I recently found myself scratching my head over how to do a pretty common GIS procedure using the sf package: join one set of multipolygon data to another based on the highest amount of spatial intersection.

A quick Stackoverflow search turned up a postgis solution, but reverse engineering it with sf took me quite a bit of time.

That made me wish that the sf documentation had an example showing how to apply a sequence of steps that combine verbs from sf and other tidyverse packages like dplyr, tidyr, and purrr.

After my project I threw together a reprex to illustrate the approach that I settled on - my hope is that it sparks a discussion that then informs a new section of the geometry manipulation article (or perhaps a separate article entirely).

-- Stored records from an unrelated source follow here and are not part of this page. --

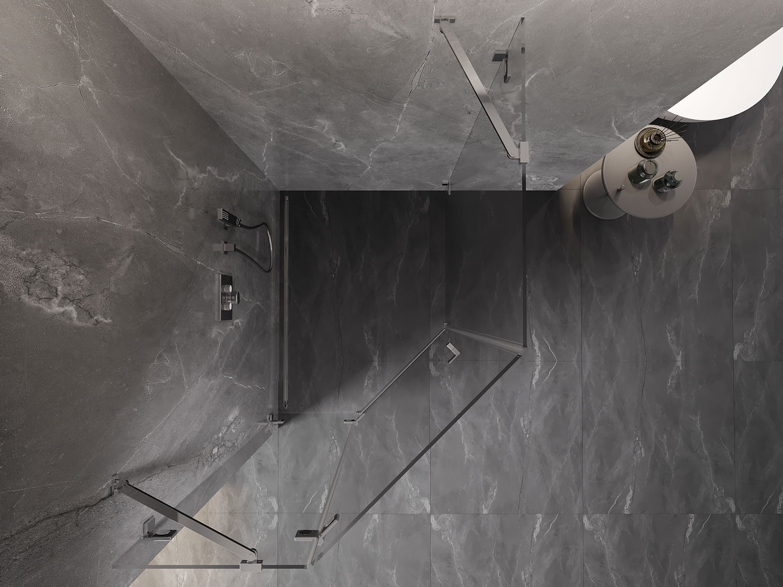 Mexen Lunar vijfhoekige douchecabine linksdraaiend 80 x 90 cm, transparant, chroom - 831-080L-090P-01-00-L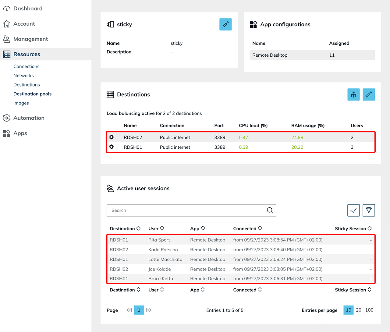 In the tile “Destinations” you can see all resources of this pool. If load data (metrics) is visible in the row of a destination in this pool after load balancing has been activated, it will be taken into account during load balancing. Please note that it may take a short moment until the respective load data can be seen in the table. In the metrics, all users on the server are displayed. Even an admin who logs in via an admin console, for example, is listed here under "Users". In the „Active user sessions“, all users are displayed who have logged in via oneclick™ Streaming and for whom the "Best destination of the load balancing pool" has been selected in the app instance. Here you can see which user was logged in to which server at which time.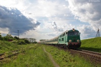Przejazd imprezowego pociągu "Fiatem do Jabłowa" przez małą stacyjkę Piesienice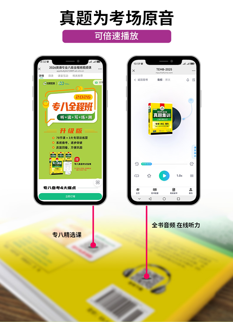 6. 真题音频均为考场原音,扫码获取,可在线听,可下载,可倍速,练习更方便;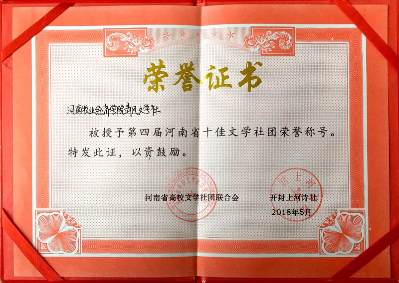 近日,第四届河南省高校文学社团交流峰会在开封河南大学金明校区顺利举办,来自河南省各地区的200多名高校文学社团代表参加了此次交流会,会上评选了“2018年度河南省十佳文学社团”、“二十二优秀社团”、“河南高校文联优秀干部和优秀会员”等,必赢242net青风文学社作为参会代表之一,荣获“第四届河南省十佳文学社团”荣誉称号。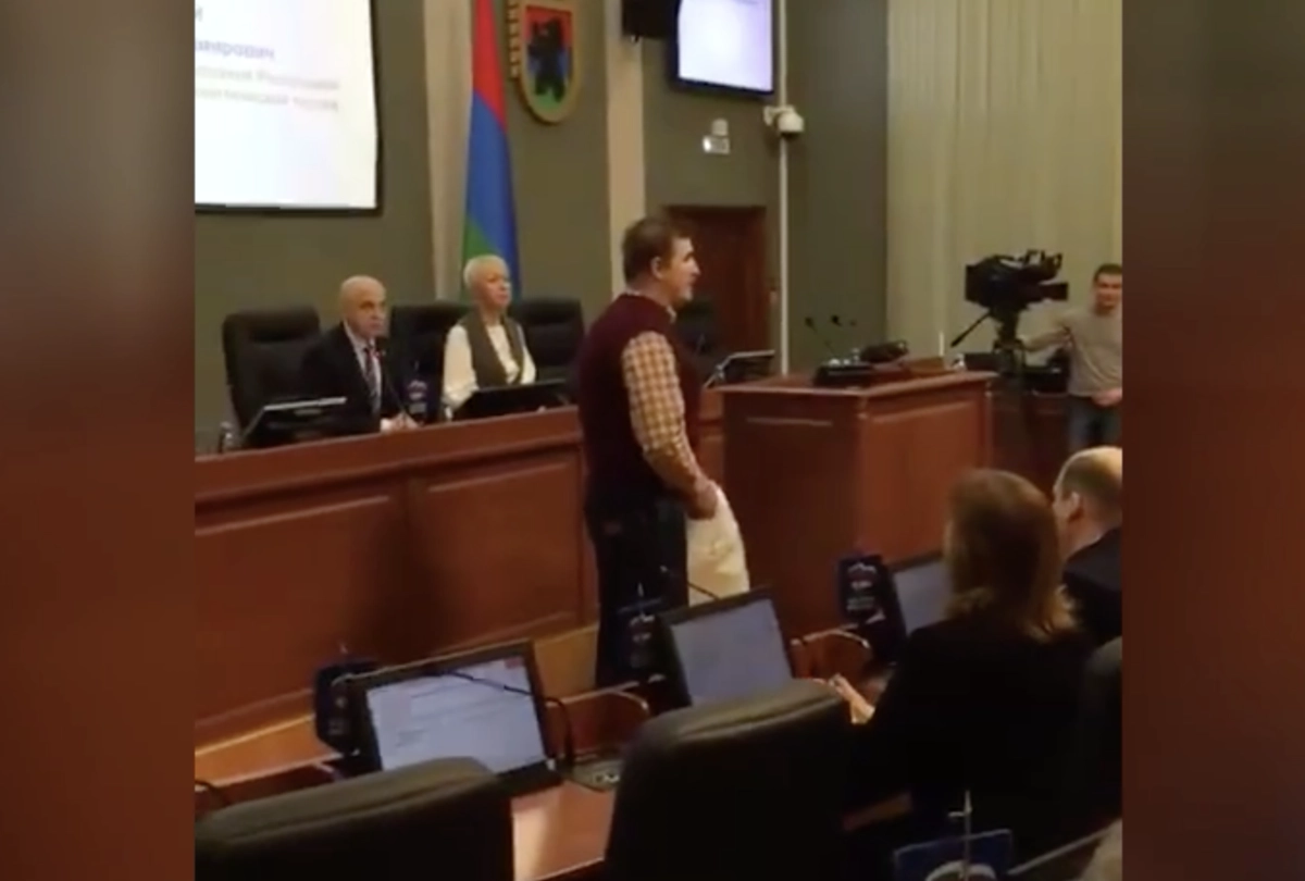 Внеочередное заседание парламента Республики Карелия 10 февраля, на котором региональные депутаты рассматривали поправки к бюджету на 2020 год, было прервано оригинальной акцией протеста. Сразу после исполнения гимна к президиуму заксобрания подошел человек, назвавший себя подполковником ФСБ в отставке Сергеем Андруневичем, и вручил спикеру парламента Элиссану Шандаловичу два рулона туалетной бумаги.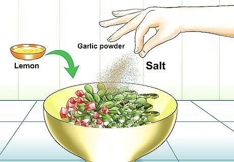 Season your salad to taste. Sprinkle salt on your salad a little by little. Toss the salad and taste it to check its flavor after adding salt each time. To add a little more bite to your salad, similarly add garlic powder or crushed black pepper. Increase tartness by adding more lemon juice. The jalapeno in the salad will be toned down by the flavor of the lemon. For a spicier salad, add a small amount of crushed red pepper and mix it in with the other ingredients.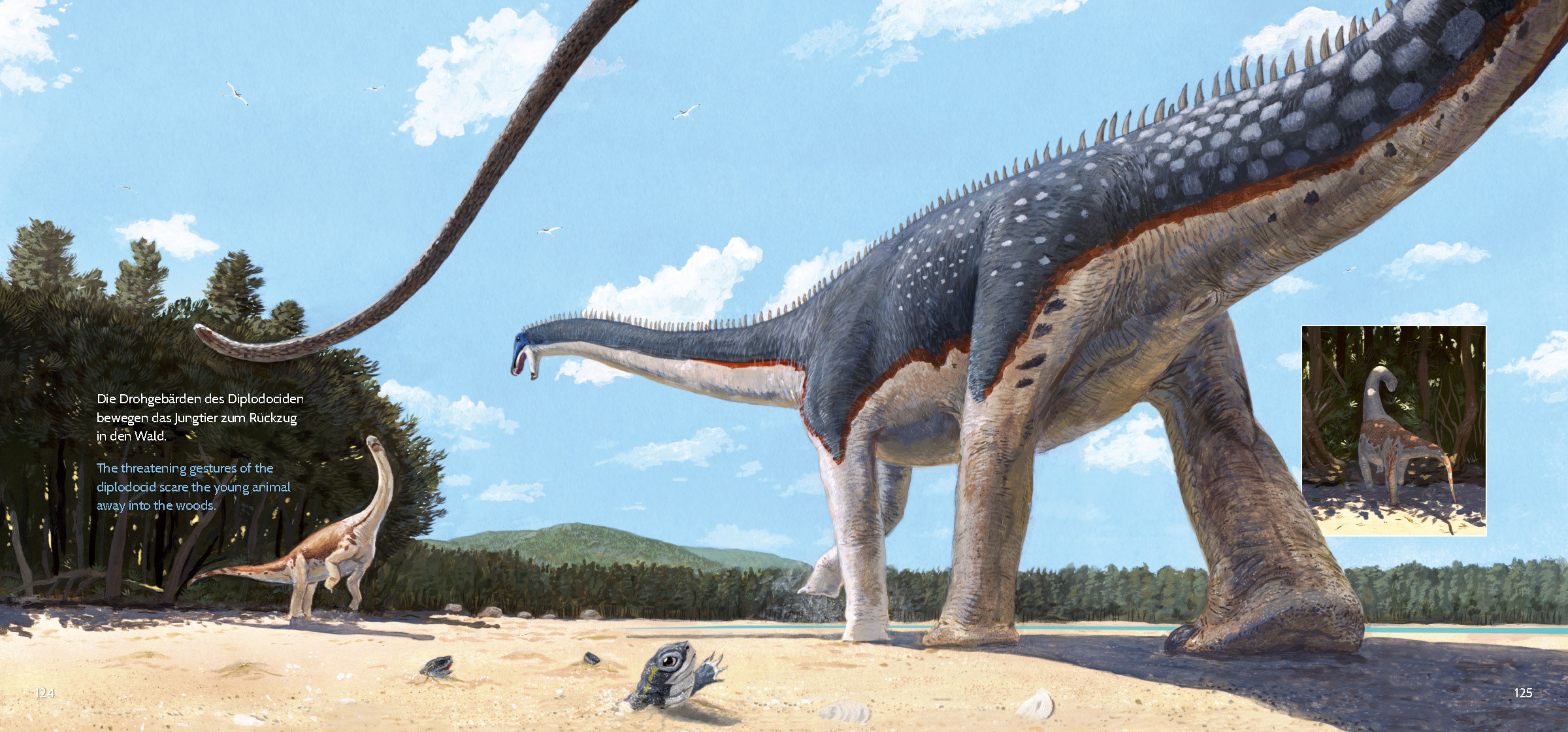 Krótki komentarz łączący naukę z opowiadaniem historii (którego czytając nie mogłam nie słyszeć w głowie głosu Sir Davida Attenborougha) połączony z przepięknymi, barwnymi, wypełnionymi po brzegi panoramicznymi ilustracjami, namalowanymi z dbałością o szczegóły, z których każda to prawdziwa uczta dla miłośników paleoartu, ożywia ten świat i pozwala nam w pełni się w nim zanurzyć.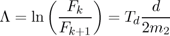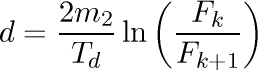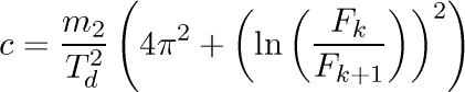 erhält man bei bekannter Schwingungsdauer Td und bekanntem Verhältnis zweier aufeinanderfolgender Kraftamplituden Fk und Fk+1 die Federkonstante c und die Dämpfungskonstante d zu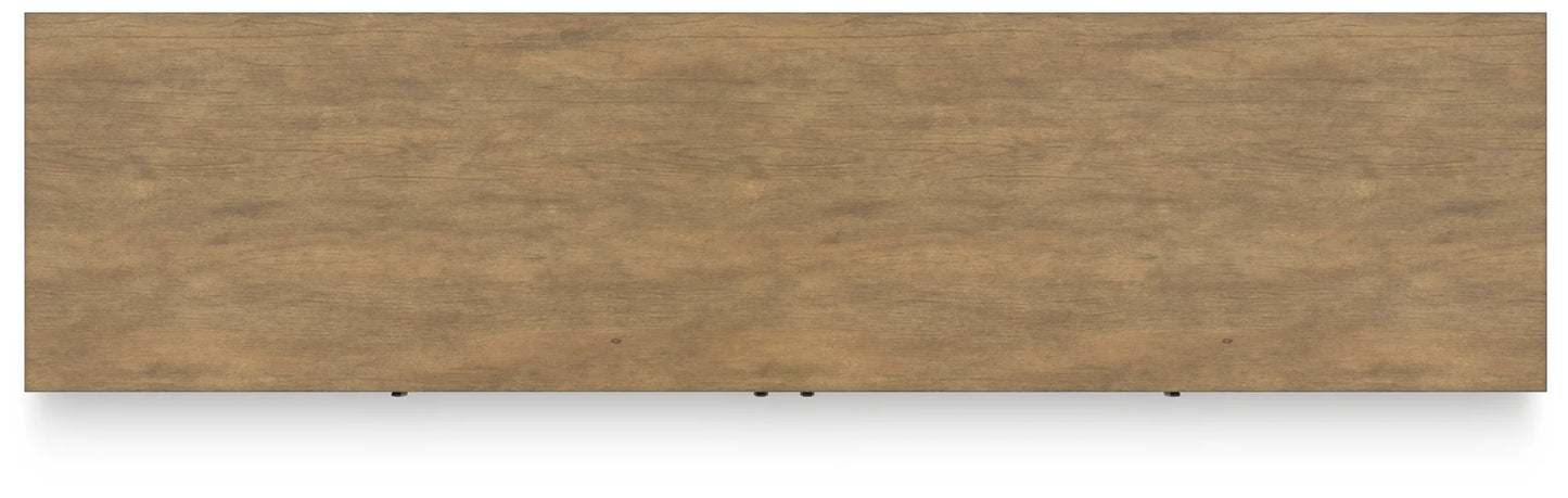 Made for the everyday, this TV stand is a sleek complement to your casual contemporary living room. You’ll love the refined-yet-relaxed vibe of its contrasting medium brown finish and matte black legs. Concealed and glass-front cabinets make media storage a breeze. And for added function, cord management holes throughout the piece make connections easier.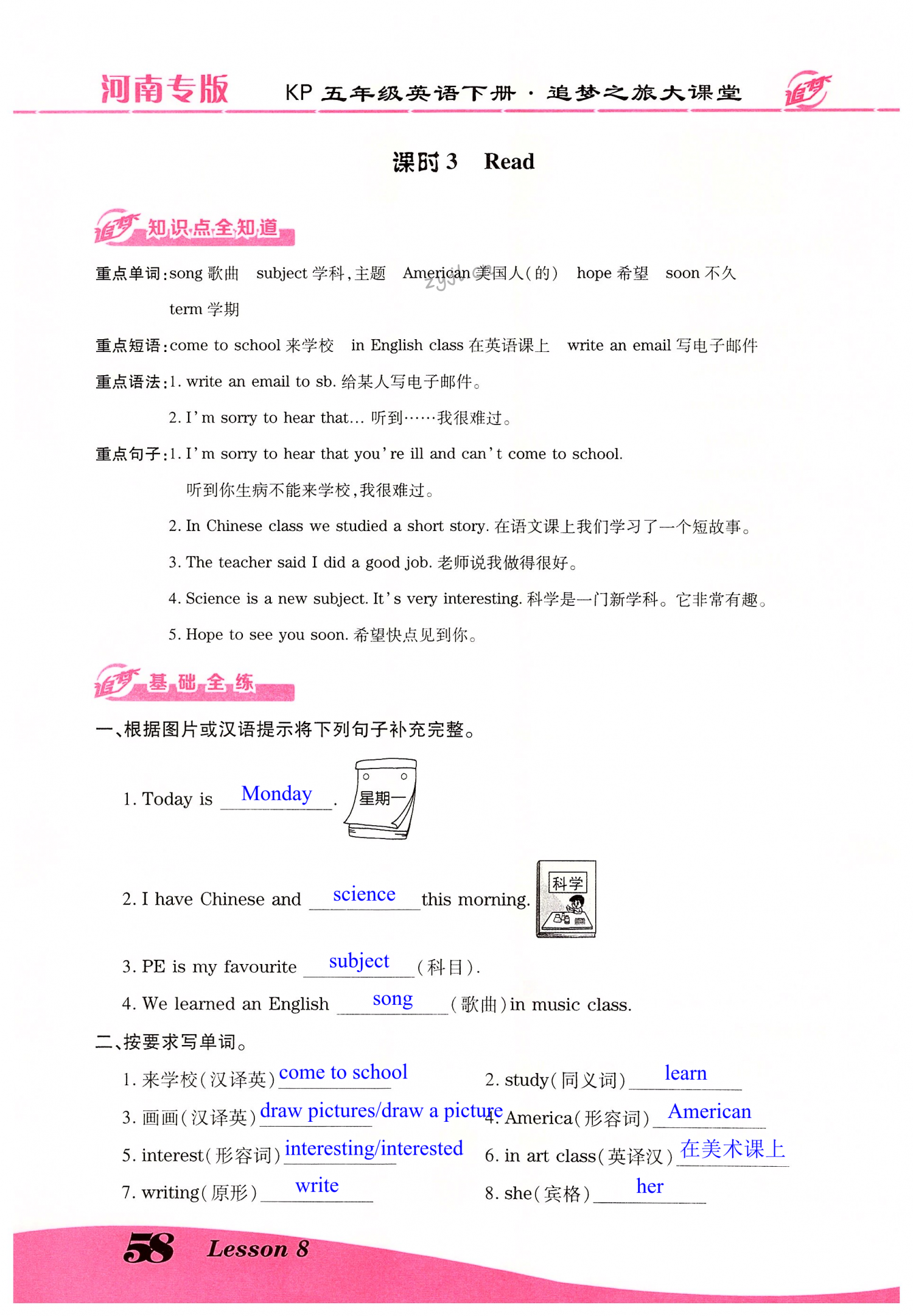 2022年追梦之旅大课堂五年级英语下册科普版河南专版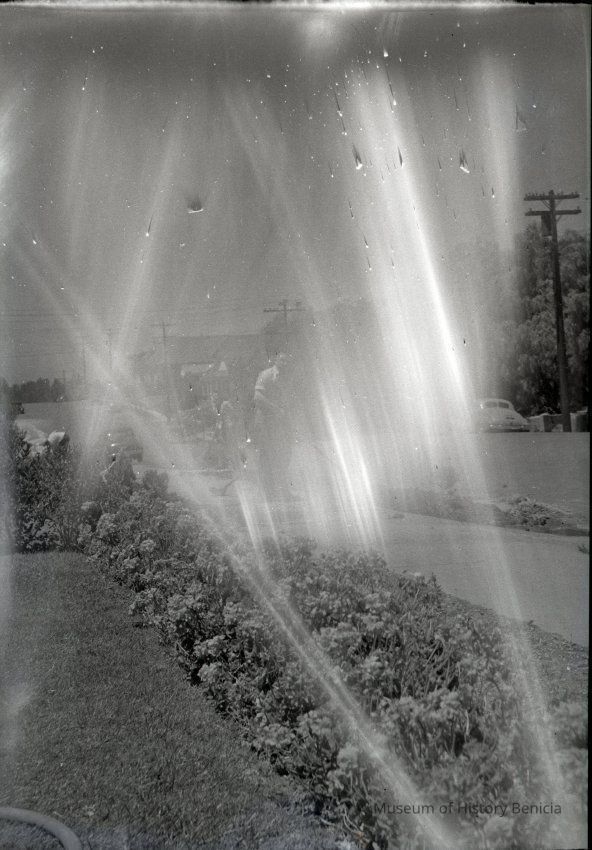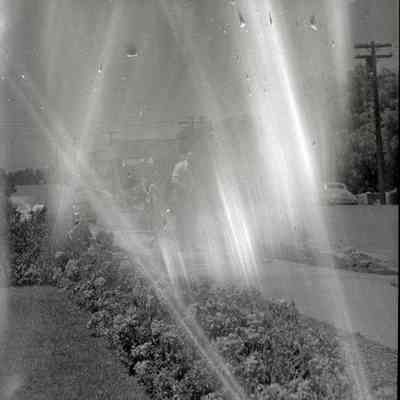 This is negative of someone in their yard next to a bed of flowers.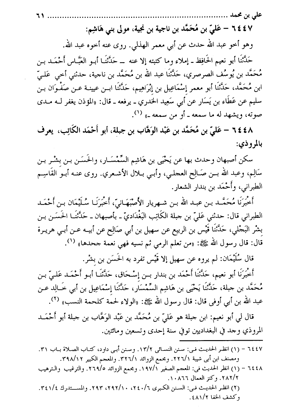 6447- عليّ بن محمّد بن ناجية بن نجية، مولى بني هاشم: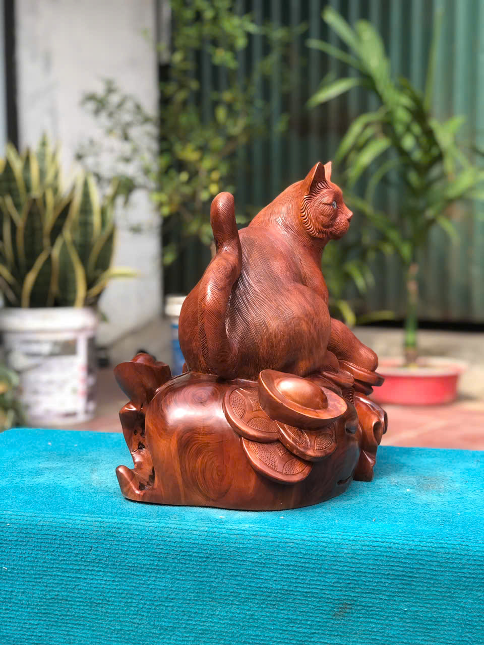 Mèo gỗ hương ta liền khối hàng kĩ đẹp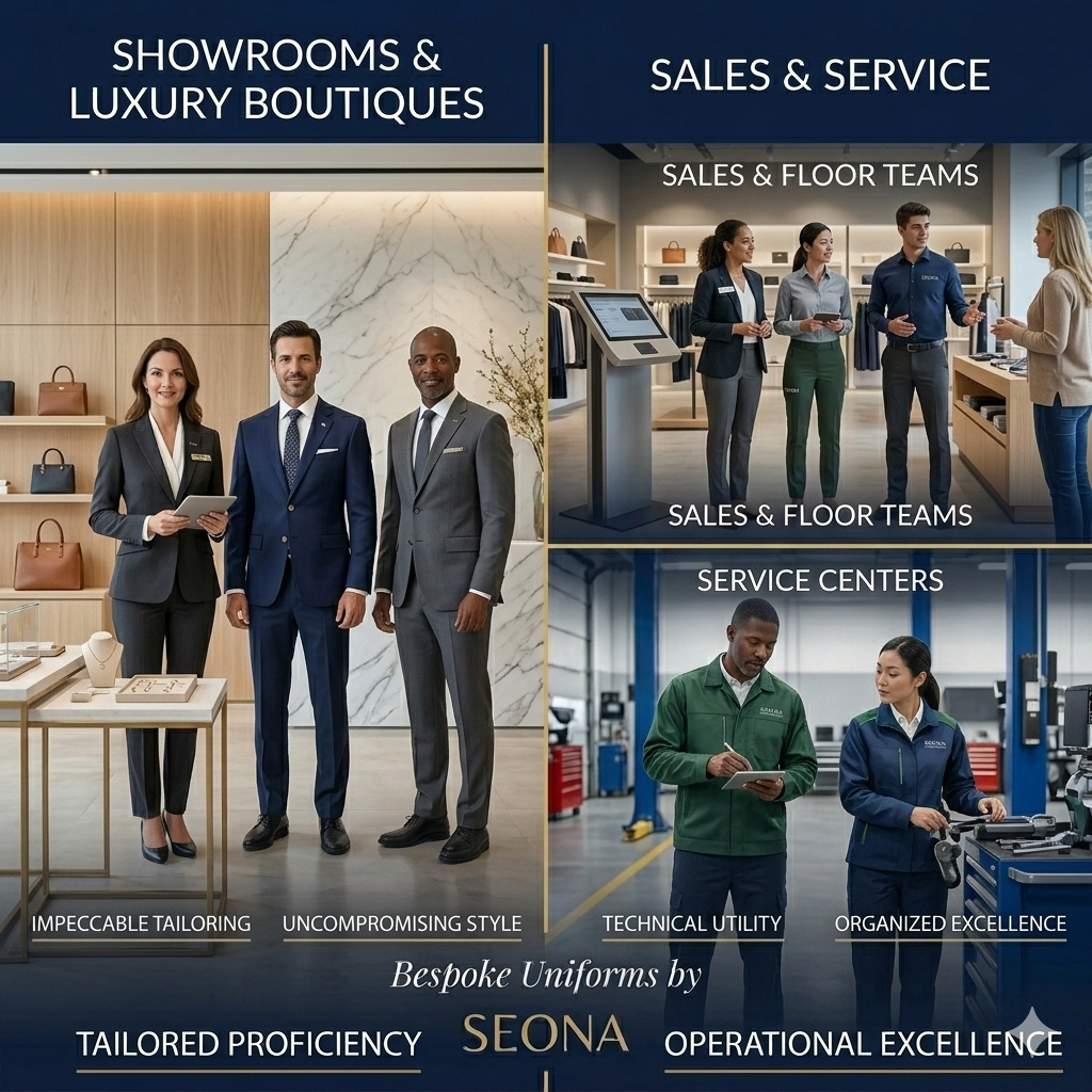 Seona Uniforms redefines Corporate & Professional Services by transforming everyday workwear into a powerful statement of brand authority. Whether it is sharp, high-twist suits for Real Estate professionals, sophisticated smart-casual attire for high-end Retail, or polished uniforms for Support Staff, our garments are engineered for the high-stakes corporate world.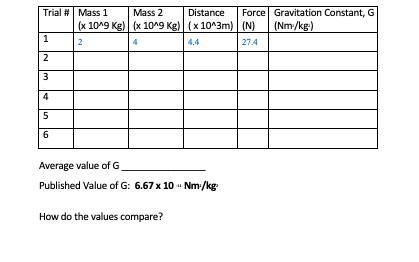 Comparing the average value of G obtained from the experiment with the published value of G, we can see that there is a significant difference between the two values. The average value of G obtained from the experiment is much larger than the published value of G. This could be due to experimental error or other factors that were not taken into account during the experiment.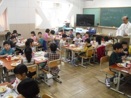 今日から給食が始まりました。1年生にとっては,はじめての給食です。今日の献立は,小型コッペパン・牛乳・スパゲティのミートソース煮・小松菜のソテー・りんごゼリーです。友達と一緒に食べる給食は,とてもおいしかったです。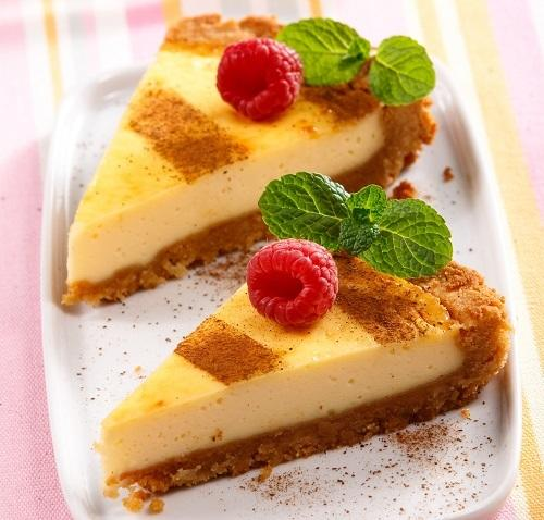 Начинку выложить на корж. Выпекать еще 45 мин. Полного затвердевания верхнего слоя не допускать. Пирог остудить и посыпать сахарной пудрой или тертым шоколадом.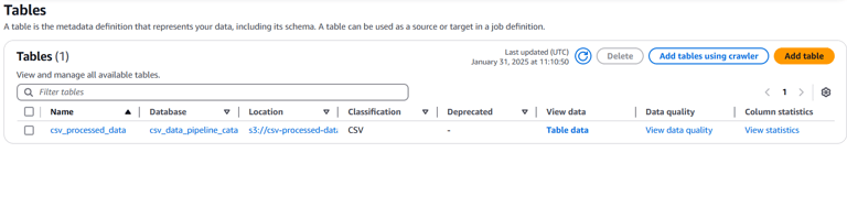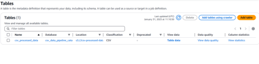 Under the table, choose the csv_processed_data table created by the Crawler job.

Here's an image (reprex below) that uses the nc dataset to illustrate the result I was looking for:

Update:
Here's my approach wrapped up in a function:

st_intersects_most <- function(x, y){ 
  ints <- st_intersects(x,y)
  
  tibble(
    ROW_ID = imap(ints, ~rep(.y, times = length(.x))) %>% flatten_chr(),
    INTERSECT_DF = flatten_int(ints) %>% map(~y[.x,] %>% st_drop_geometry), # note: see the reprex for st_drop_geometry's definition
    INTERSECT_AREA = st_intersection(x,y) %>% st_area %>% map_dbl(1)
  ) %>%  
    unnest %>%  
    mutate(geometry = st_geometry(x[ROW_ID,])) %>% 
    st_as_sf
}

It requires the user to follow up with group_by %>% top_n(1, INTERSECT_AREA) %>% ungroup - that could probably be improved.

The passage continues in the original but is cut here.